A Bridge Between Us, based on a true story, follows Emily Warren Roebling, the wife of the Brooklyn Bridge’s chief engineer who reluctantly steps into his role when he’s paralyzed during the bridge’s construction, becoming the world’s first female engineer.
I Don’t Dream in Spanish Anymore centers around a scientist who needs to return to her roots to escape an ancestral curse threatening her and her unborn child.
Keesha Goes to Camp follows a nerdy Black tween who is sent to an outdoor summer camp where the introverted booksmart girl is challenged by nature, rivals and the opposite sex.
As its 2024 edition kicks off on Thursday, the Athena Film Festival has also revealed the honorees for its festival awards.
Scarce writer Mrittika “Mou” Sarin, whose screenplay was featured on the 2023 Athena List, will receive the Alfred P. Sloan Foundation Athena List Development Grant, a $20,000 award given to an Athena List finalist or winner that focuses on a woman in a STEM-themed project.
The writers of 2024 Athena List finalist SKRRT!, Gabriela Garcia Medina and Katherine Craft, will receive the Disney Athena List Development Grant, a $10,000 award in partnership with Walt Disney Studios to help them with the development of their script.
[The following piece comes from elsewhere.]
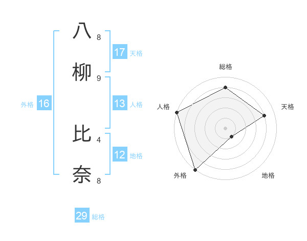 八柳 比奈さんの天格は17画の4点!
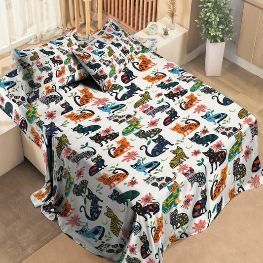 Shineful 4-Piece Bed Sheet Set Floral Felines

Until Branches Bend director Sophie Jarvis will receive the breakthrough award, in partnership with Netflix. The $25,000 award is given to a feature-length film directed by a first- or second-time filmmaker without a U.S. theatrical distribution deal.
And The Pepper writer Christine Garver will receive the Chinonye Chukwu Emerging Writer Award, in partnership with Christine A. Schantz, a $10,000 award given to a feature-length writer who previously participated in an Athena Film Festival writers lab, with the money designed to help them with the development of their feature-length script.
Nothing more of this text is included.